**Exercise**
Emit a verbatim copy of the lines below from the line with "넓고 깔끔한 카페 내부" through the line with "Я была, пожалуй, самой", excluding pictures and everything outside that range.

**Record excerpts**

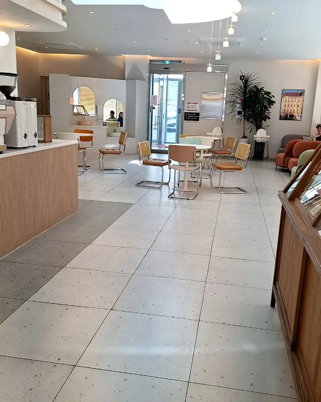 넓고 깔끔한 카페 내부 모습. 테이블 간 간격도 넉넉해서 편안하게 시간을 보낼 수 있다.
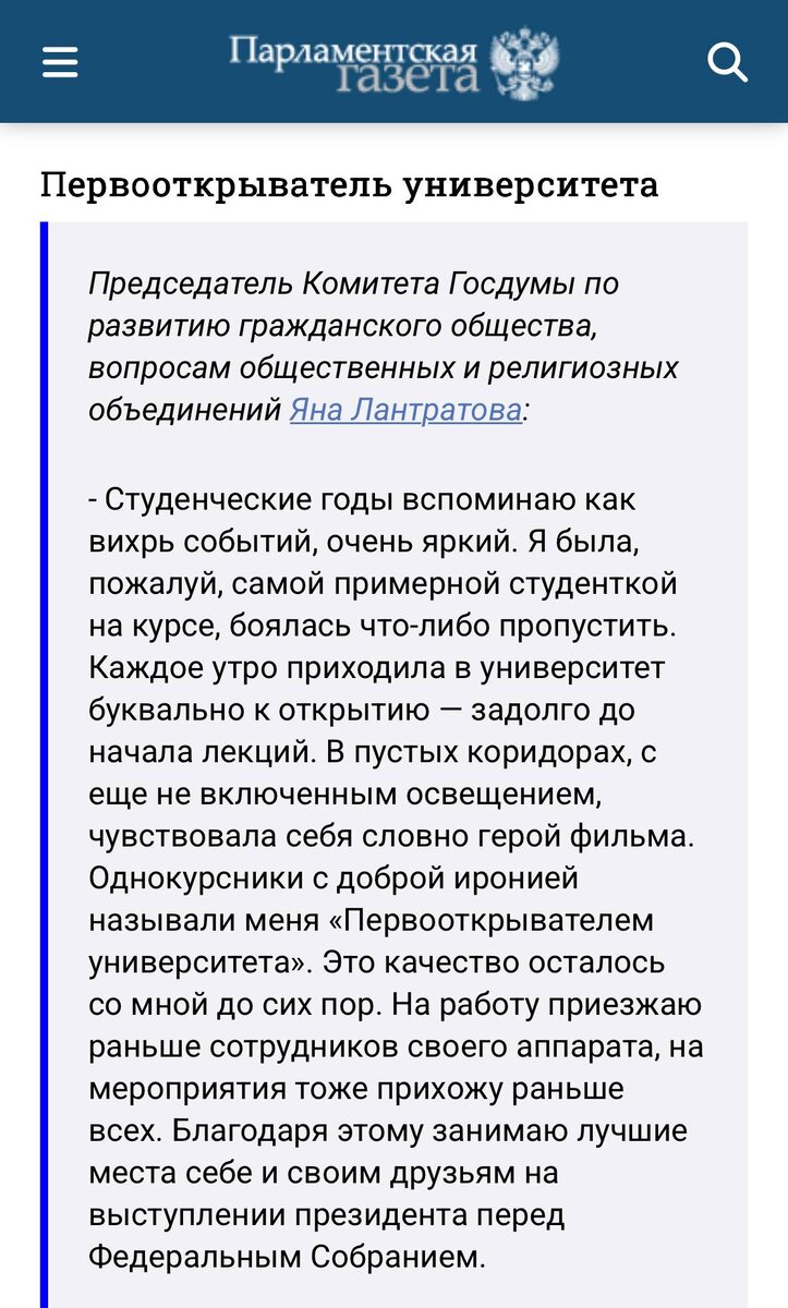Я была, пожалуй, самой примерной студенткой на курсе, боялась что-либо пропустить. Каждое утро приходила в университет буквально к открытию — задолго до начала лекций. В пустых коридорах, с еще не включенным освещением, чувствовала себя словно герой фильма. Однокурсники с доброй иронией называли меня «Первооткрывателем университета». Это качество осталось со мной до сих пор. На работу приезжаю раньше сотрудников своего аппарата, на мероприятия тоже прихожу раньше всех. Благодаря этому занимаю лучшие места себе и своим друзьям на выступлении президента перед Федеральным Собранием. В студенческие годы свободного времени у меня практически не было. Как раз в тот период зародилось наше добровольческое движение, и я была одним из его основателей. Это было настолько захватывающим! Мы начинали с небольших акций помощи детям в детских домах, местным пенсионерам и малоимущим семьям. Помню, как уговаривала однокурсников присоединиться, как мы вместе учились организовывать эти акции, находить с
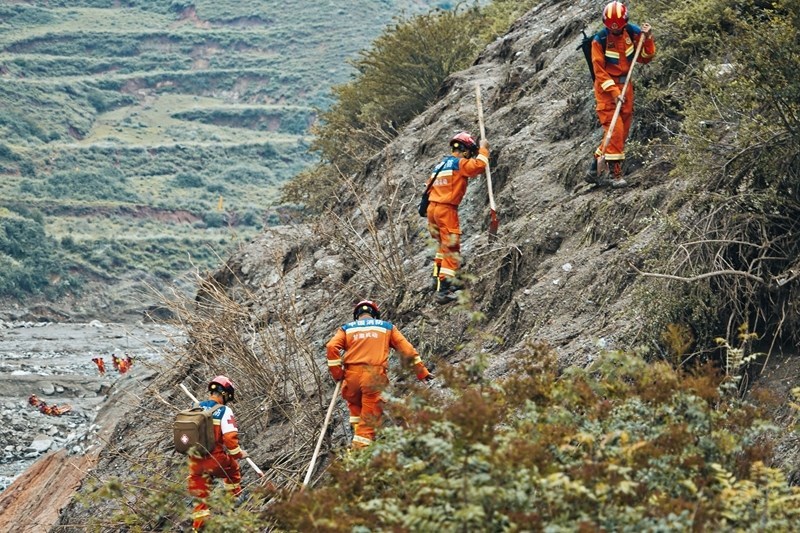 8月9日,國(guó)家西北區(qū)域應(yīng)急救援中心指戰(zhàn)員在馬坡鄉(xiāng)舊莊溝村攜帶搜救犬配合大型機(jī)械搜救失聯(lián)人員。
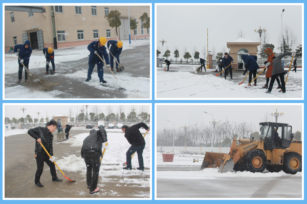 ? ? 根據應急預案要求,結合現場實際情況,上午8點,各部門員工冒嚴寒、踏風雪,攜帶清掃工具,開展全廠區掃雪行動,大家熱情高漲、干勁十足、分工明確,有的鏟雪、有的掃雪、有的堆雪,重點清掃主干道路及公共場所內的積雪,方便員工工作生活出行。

...

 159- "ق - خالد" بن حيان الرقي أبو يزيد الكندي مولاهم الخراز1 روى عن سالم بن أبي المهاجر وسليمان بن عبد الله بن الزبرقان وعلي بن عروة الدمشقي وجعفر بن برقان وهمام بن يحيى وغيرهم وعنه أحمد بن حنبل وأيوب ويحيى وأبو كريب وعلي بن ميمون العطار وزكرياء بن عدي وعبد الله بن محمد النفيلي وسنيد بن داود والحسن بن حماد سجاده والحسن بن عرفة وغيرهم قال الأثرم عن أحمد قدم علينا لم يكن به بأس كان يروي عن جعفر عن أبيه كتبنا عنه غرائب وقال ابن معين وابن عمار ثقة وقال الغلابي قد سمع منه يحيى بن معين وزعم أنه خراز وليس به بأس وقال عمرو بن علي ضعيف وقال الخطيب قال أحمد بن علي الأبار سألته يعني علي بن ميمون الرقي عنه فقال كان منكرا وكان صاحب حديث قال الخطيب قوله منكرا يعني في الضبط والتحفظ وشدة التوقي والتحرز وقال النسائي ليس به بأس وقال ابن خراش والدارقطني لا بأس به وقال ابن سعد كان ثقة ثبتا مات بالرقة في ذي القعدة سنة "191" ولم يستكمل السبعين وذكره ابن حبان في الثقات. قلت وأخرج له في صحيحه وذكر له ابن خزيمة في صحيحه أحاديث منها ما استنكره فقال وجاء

**Response below**
 넓고 깔끔한 카페 내부 모습. 테이블 간 간격도 넉넉해서 편안하게 시간을 보낼 수 있다.
Я была, пожалуй, самой примерной студенткой на курсе, боялась что-либо пропустить. Каждое утро приходила в университет буквально к открытию — задолго до начала лекций. В пустых коридорах, с еще не включенным освещением, чувствовала себя словно герой фильма. Однокурсники с доброй иронией называли меня «Первооткрывателем университета». Это качество осталось со мной до сих пор. На работу приезжаю раньше сотрудников своего аппарата, на мероприятия тоже прихожу раньше всех. Благодаря этому занимаю лучшие места себе и своим друзьям на выступлении президента перед Федеральным Собранием. В студенческие годы свободного времени у меня практически не было. Как раз в тот период зародилось наше добровольческое движение, и я была одним из его основателей. Это было настолько захватывающим! Мы начинали с небольших акций помощи детям в детских домах, местным пенсионерам и малоимущим семьям. Помню, как уговаривала однокурсников присоединиться, как мы вместе учились организовывать эти акции, находить с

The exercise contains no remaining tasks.